5.2.  Port-Set Based Packet Matching

   Since MAP-E/Lightweight 4over6 requires port-based IPv4 address
   sharing, there may be thousands of ports of the same IPv4 address
   allocated to the same CPE.  To reduce the amount of forwarding rules
   in BR Switch, when BR Switch matching an incoming packet, it SHOULD
   support the port-set based matching as defined in in Section 5.1 of
   [I-D.ietf-softwire-map].  The BR Switch SHOULD support and accept
   match field masking for ports (see section 7.2.2.5 of [OpenFlow]).
   For the PSID usage, the PSID bits (k bits) in the port mask are
   filled with "1"s, and the remaining bits (a+m bits) are filled with
   "0"s.

6.  Example: 4over6 Mode

   This section describes an example of running IPv4 over IPv6 tunneling
   mode in this framework.  The network behavior is similar to
   Lightweight 4over6, however the DHCPv6-based IPv4 address and PSID
   provisioning for lwB4 is not needed.  In this mode, The Customer LAN
   is an IPv4 or dual-stack network, and the ISP Network is an IPv6
   network.  Initially the CPE Switch is configured with IPv6 prefix
   through DHCPv6 Prefix Delegation and connects to the Controller
   through OpenFLow.  Then the CPE Switch is ordered to pass all unknown
   packets to the Controller.

   The Controller manages the binding between IPv4 addresses and IPv6
   addresses.  When a new CPE Switch connects to the Controller, the
   Controller allocates an IPv4 address and a port set for the CPE
   Switch, and installs per-subscriber scale forwarding rule(s) in BR
   Switch.  To work as MAP-E mode, the IPv4 address and port set are
   calculated from the CPE's IPv6 prefix.  To work as Lightweight 4over6
   mode, the IPv4 address and port set are allocated dynamically.
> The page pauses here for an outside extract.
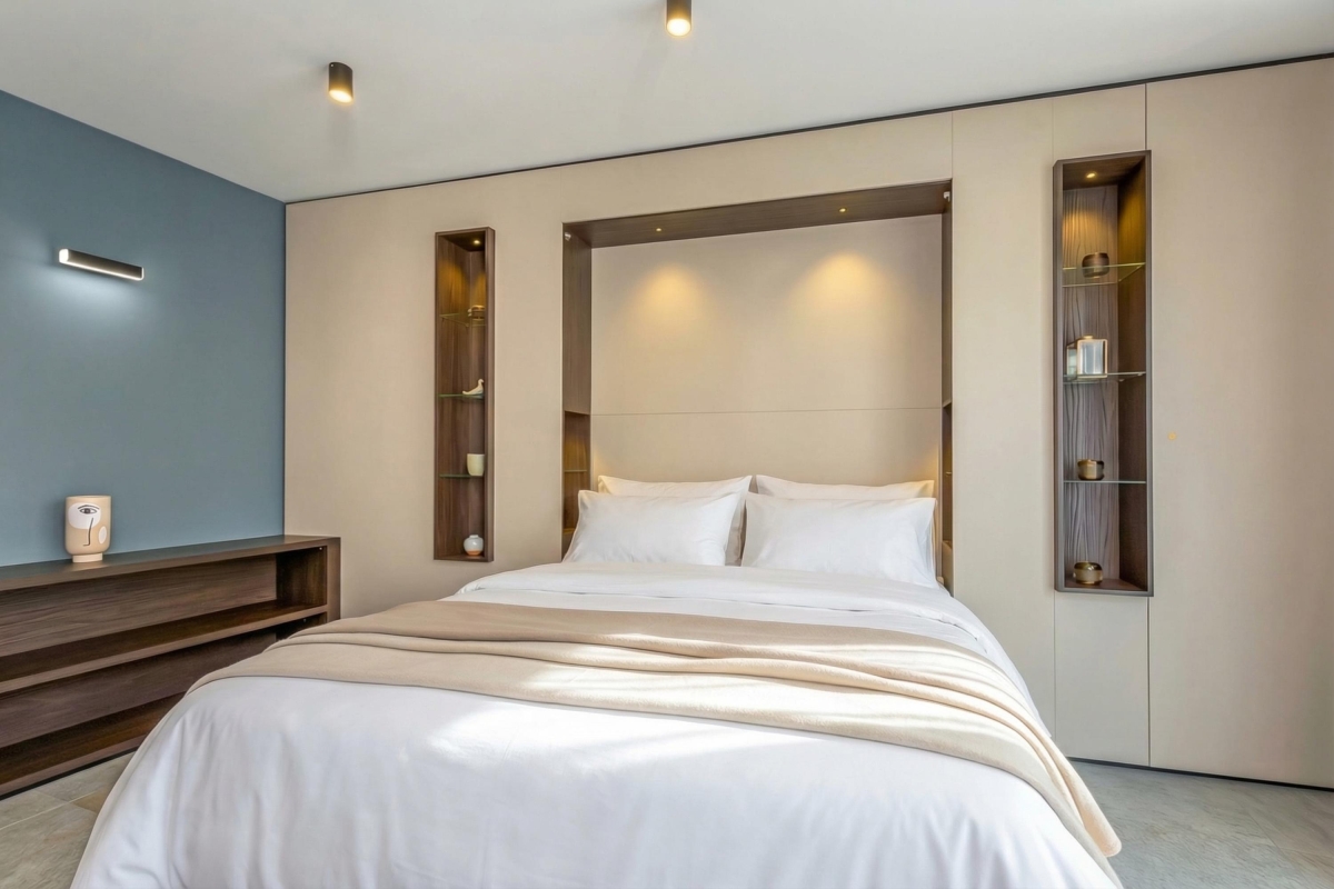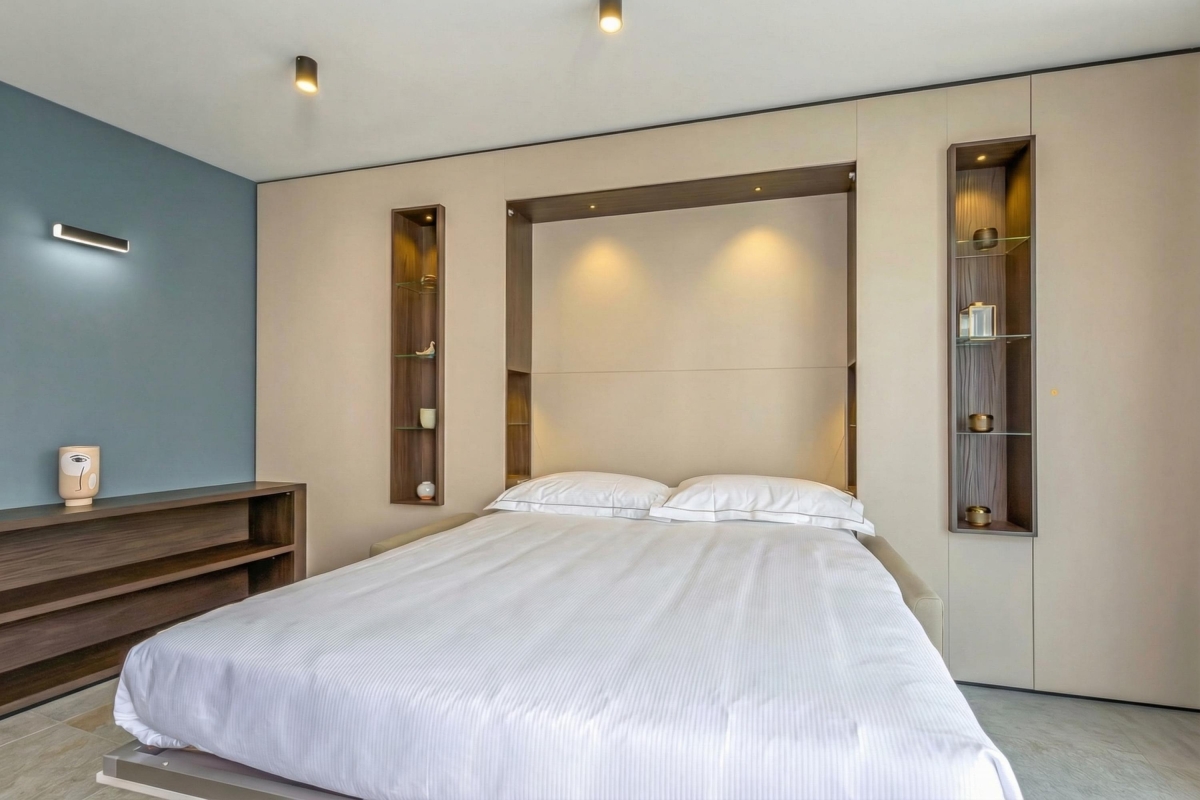 There is a comfortable pull-down double bed in the living room.

   In case that CPE's NAT44 state is maintained in Controller, when
   received an unknown packet from CPE Switch, the Controller picks one
   port from the port set of the CPE Switch and installs the forwarding
   rule in the CPE Switch, to rewrite the source IPv4 address and port
   into public ones on the flow.  Both forwarding rules in CPE Switch
   and BR Switch include IPv4-in-IPv6 tunnel encapsulation/decapuslation
   action, taking the IPv6 address of the opposite as an parameter.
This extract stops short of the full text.